Bittorrent bencode decoder in python using 30 lines of code
Bittorrent uses a quite decent algorithm for serialization of it’s data for the .torrent files called bencoding. This page has a pretty good description of it.
I wanted to be able to parse this data to get information out of them for a thing I’m working on and played around a bit in python. Since it was late at night and I was rather bored I wanted to see how short I could get the decoder without writing extremely ugly hacks.
I ended up with a fully functional module that clocks in at 30 lines of code.
class Decoder(object):
def __init__(self, data): self.data, self.ptr = data, 0
def _cur(self): return self.data[self.ptr]
def _get(self, x):
self.ptr += x
return self.data[self.ptr-x:self.ptr]
def _get_int_until(self, c):
num = int(self._get(self.data.index(c, self.ptr)-self.ptr))
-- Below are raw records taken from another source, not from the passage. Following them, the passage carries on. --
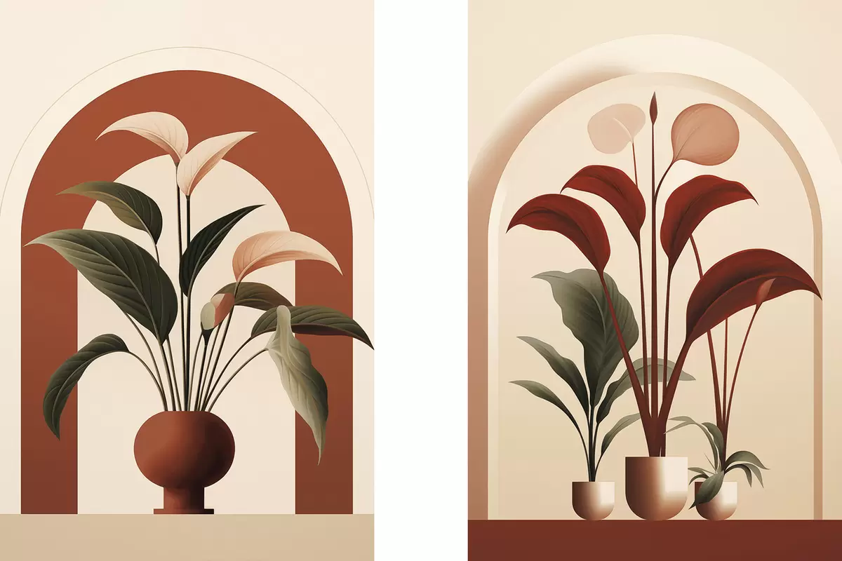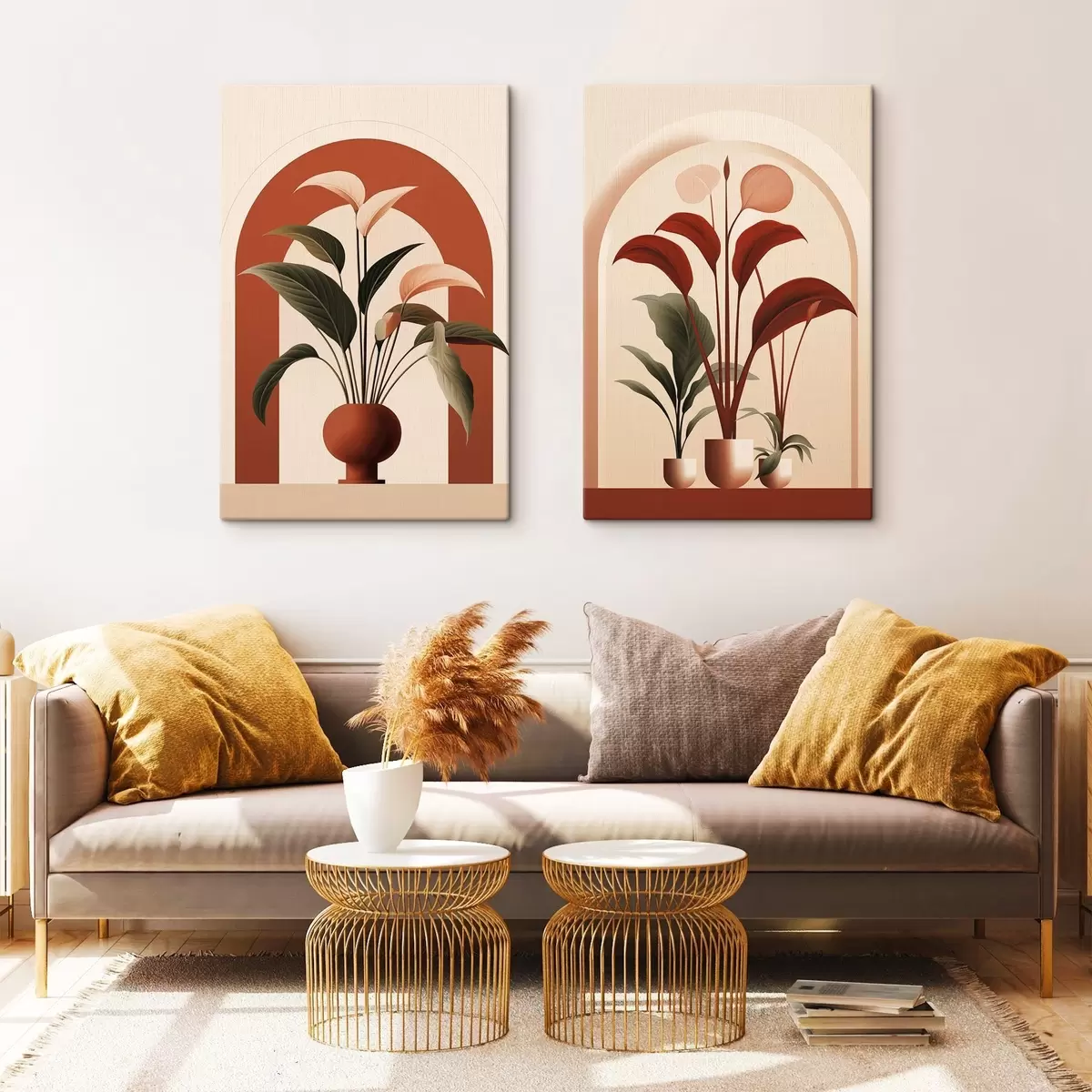 Obraz Abstraktní rostliny v květináčích s velkými zelenými a červenými listy před krémově zbarveným obloukem Č. m01124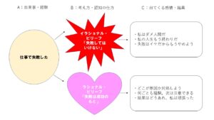 Bは信念と書いていますが、ABC理論では価値観・解釈などの思い込みや先入観、決めつけなど、無意識で起こる「考え方・捉え方」のこと。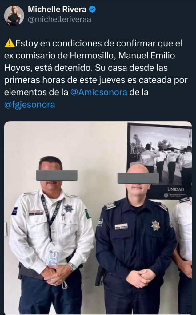 La mañana de este jueves se desplegó un amplio operativo en un fraccionamiento residencial de Hermosillo, en el que fue asegurado el excomisario Manuel Emilio Hoyos, junto con varios exelementos de la corporación policial que estuvieron cercanos a su mando.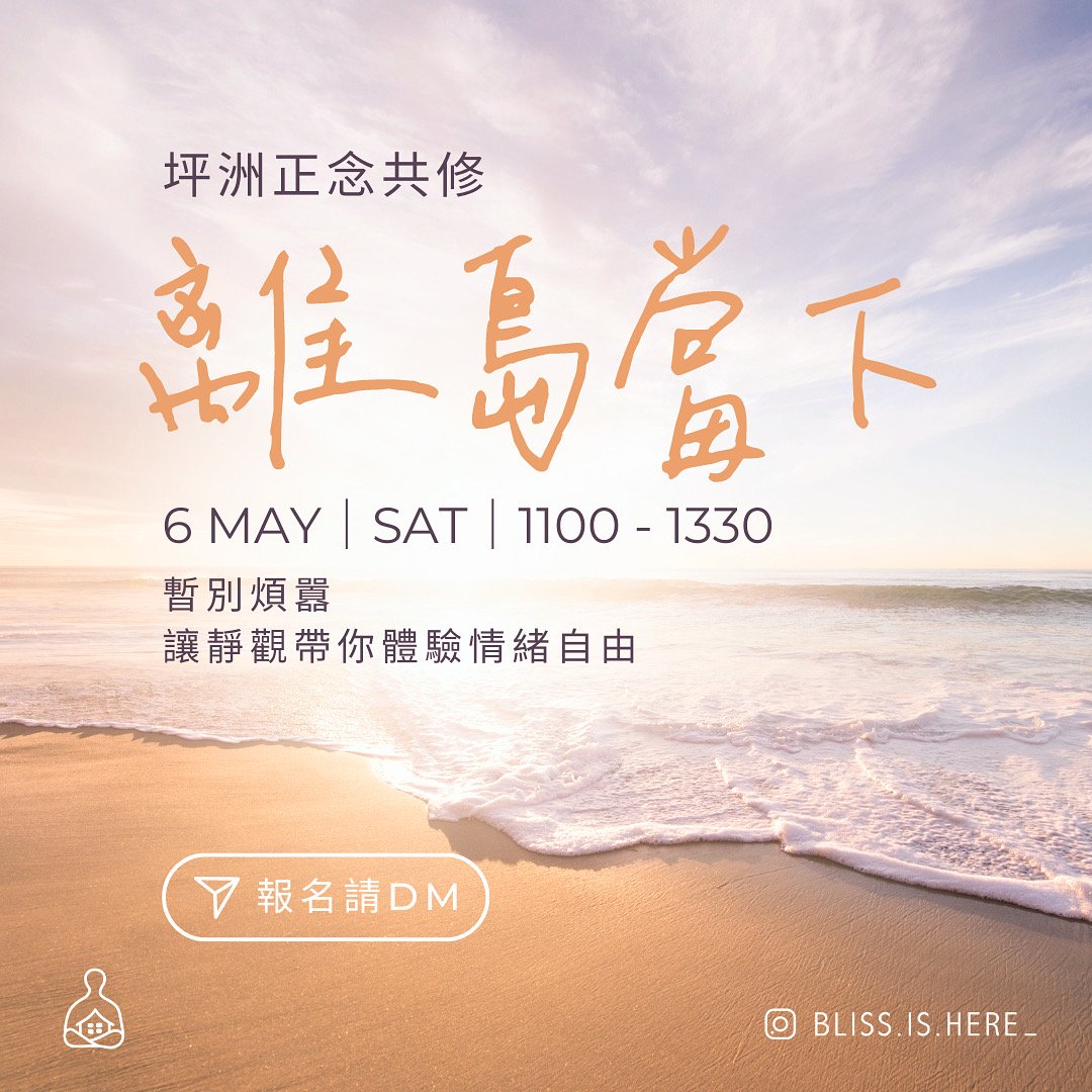 如果你日復日過住無意識嘅生活被情緒拖住走又或者已經被生活嘅壓力迫到好疲累試吓抽幾個鐘時間暫別煩囂俾自己換一個mode話唔定你會發現你可以重新過好你嘅生活邀請你,在五月嘅第一個星期六,在坪洲這個小島,一起透過修習正念,連結自己,回到當下,放鬆身心,亦學習接納情緒,體驗情緒自由

self._get(1) # kill extra char
return num
def _get_str(self): return self._get(self._get_int_until(":"))
def _get_int(self): return self._get_int_until("e")
def decode(self):
i = self._get(1)
if i == "d":
r = {}
while self._cur() != "e":
key = self._get_str()
val = self.decode()
r[key] = val
self._get(1)
elif i == "l":
r = []
while self._cur() != "e": r.append(self.decode())
self._get(1)
elif i == "i": r = self._get_int()
elif i.isdigit():
self._get(-1) # reeeeewind
r = self._get_str()
return r
Runtime example for a random torrent I downloaded to test it on:
>>> from decode import Decoder
>>> f=open("stuff.torrent")
>>> data=f.read()
>>> d=Decoder(data)
>>> d.decode()
{'comment': '', 'comment.utf-8': '', 'azureus_properties': {'dht_backup_enable': 1}, 'encoding': 'UTF-8',
'creation date': 1185571081, 'info': {'piece length': 32768, 'name': 'SHAVER.mp3', 'private': 0,
'pieces': '\x1ee\xb4\xa0X\xe2 ... I removed characters here since the line is too long ... \xc3v\xc2\x00\xc9',
'length': 229374, 'name.utf-8': 'SHAVER.mp3'}, 'created by': 'Azureus/2.5.0.4',
'announce': 'http://tpb.tracker.thepiratebay.org/announce'}
Hopefully this might be useful to someone.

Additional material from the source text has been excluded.